И все, хохоча, принялись жалеть Екатерину Георгиевну, упрашивать Ефремова помягче с ней обращаться. И Ефремов, вначале опешивший, вдруг смутился так сильно, как никогда в жизни не смущался: неужели гости, друзья жены, приглашенные с ним познакомиться, заметили, как он дурацки обижался, по-пустому приревновал, самодовольно, по-купечески, ухмылялся?…
Когда начало темнеть, гости собрались уходить. Ефремов тоже поднялся и пожал жене руку.
– Ее, видно, информировали на кухне, – шепнула ему Екатерина Георгиевна, кивнув в сторону Лены.
Девочка, нахмурившись, сердито и недоверчиво следила за каждым движением Ефремова. Как ему не хотелось уходить!
– Ну и ну!

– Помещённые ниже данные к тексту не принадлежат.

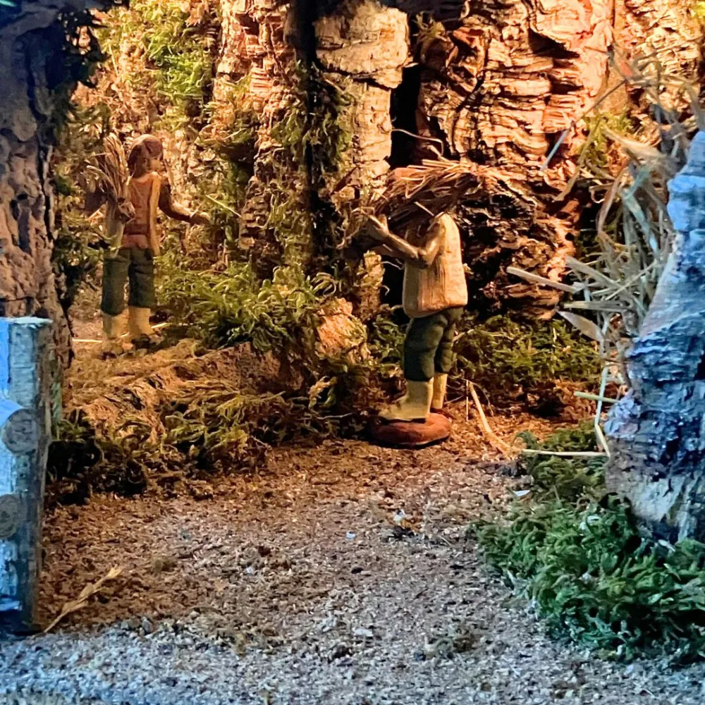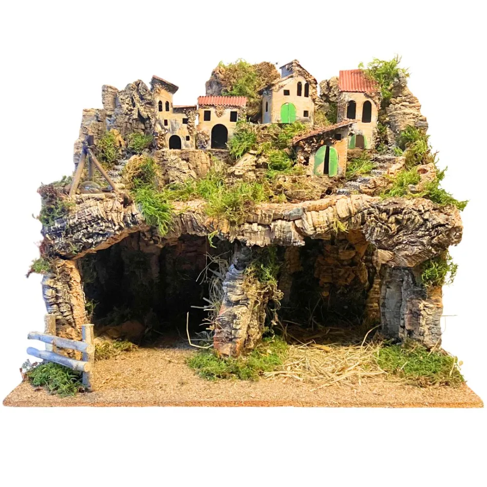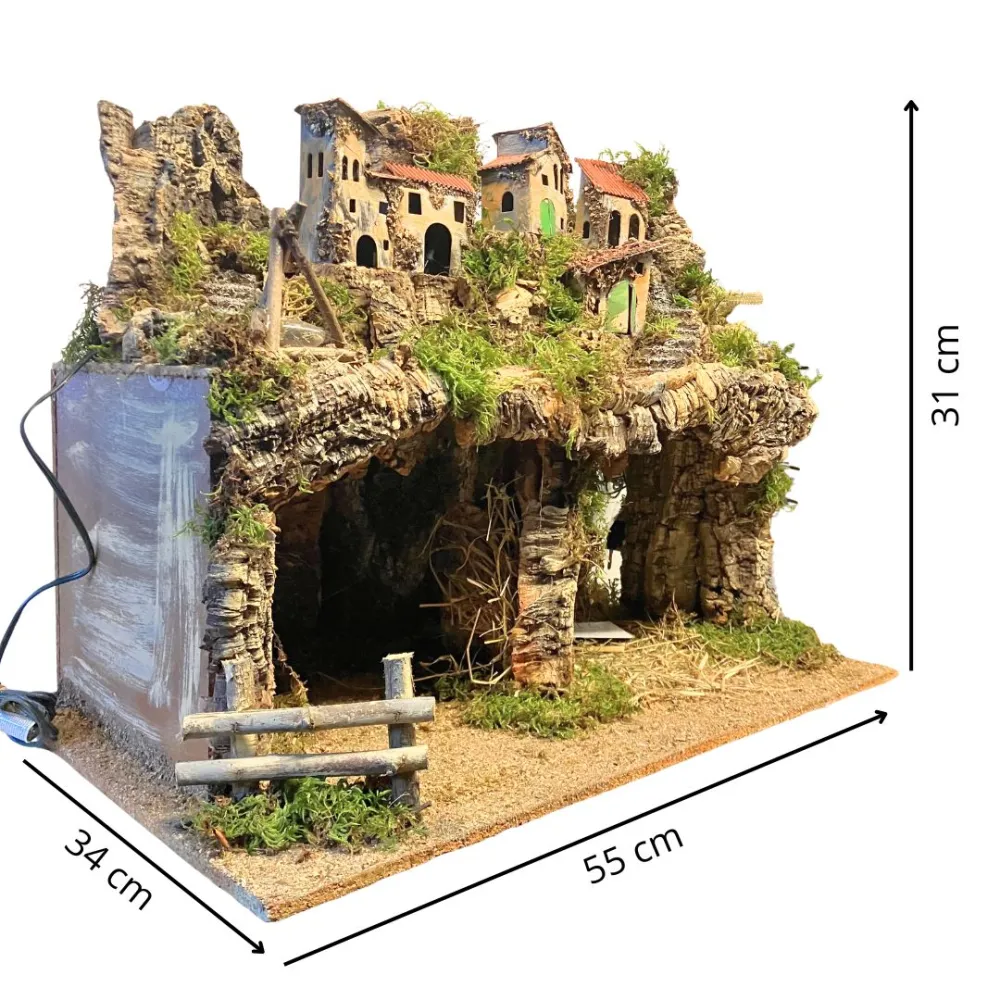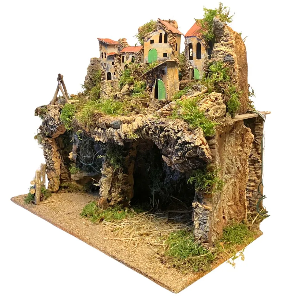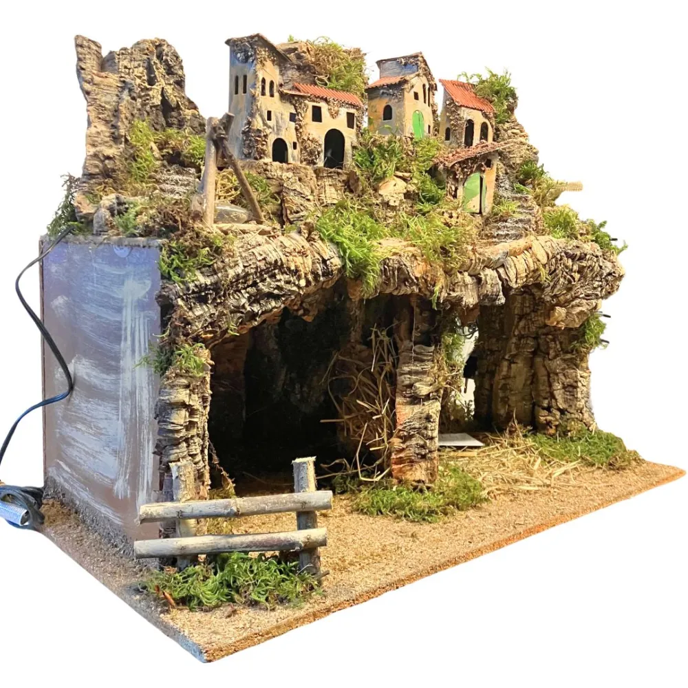 Scenografia per presepe artigianale raffigurante un borgo, realizzato in legno e sughero, completo di luci e fuoco, con doppia grotta alla base, ideale per ospitare una Natività da 12 cm. All’interno di una delle grotte è inserito uno specchio, pensato per creare un suggestivo effetto di profondità e ampliare la prospettiva della scena. Un borgo artigianale per dare vita a un presepe autentico e pieno di atmosfera.

Проблемы… – бормотал он, идя по улице, останавливаясь и оглядываясь.
Много неведомых до этого времени мыслей было у него: «Я, оказывается, ревнивый пес… и на охоту летом не поеду, на даче буду… Девочка-чертовка – маленькая, а вот живая, дали ей жизнь, теперь вот полноправна со всеми. Ох ты, как все путается!… Катя со мной соскучится, с победителем? Не про электролитическую диссоциацию с ней разговаривать!»
Ефремов вспомнил, как он приехал с Гольдбергом на рудник, спускался в шахту, осматривал новые дома, поликлинику, хохотал весь день над шутками и остротами товарища, а ночью, проснувшись, услышал, что Гольдберг за стеной ходил по комнате и напевал:
– «Выхожу один я на дорогу…» – останавливался и спрашивал: – Папаша, слышишь? Я тоже пою! – и отвечал сам себе: – Чую, сынку, чую!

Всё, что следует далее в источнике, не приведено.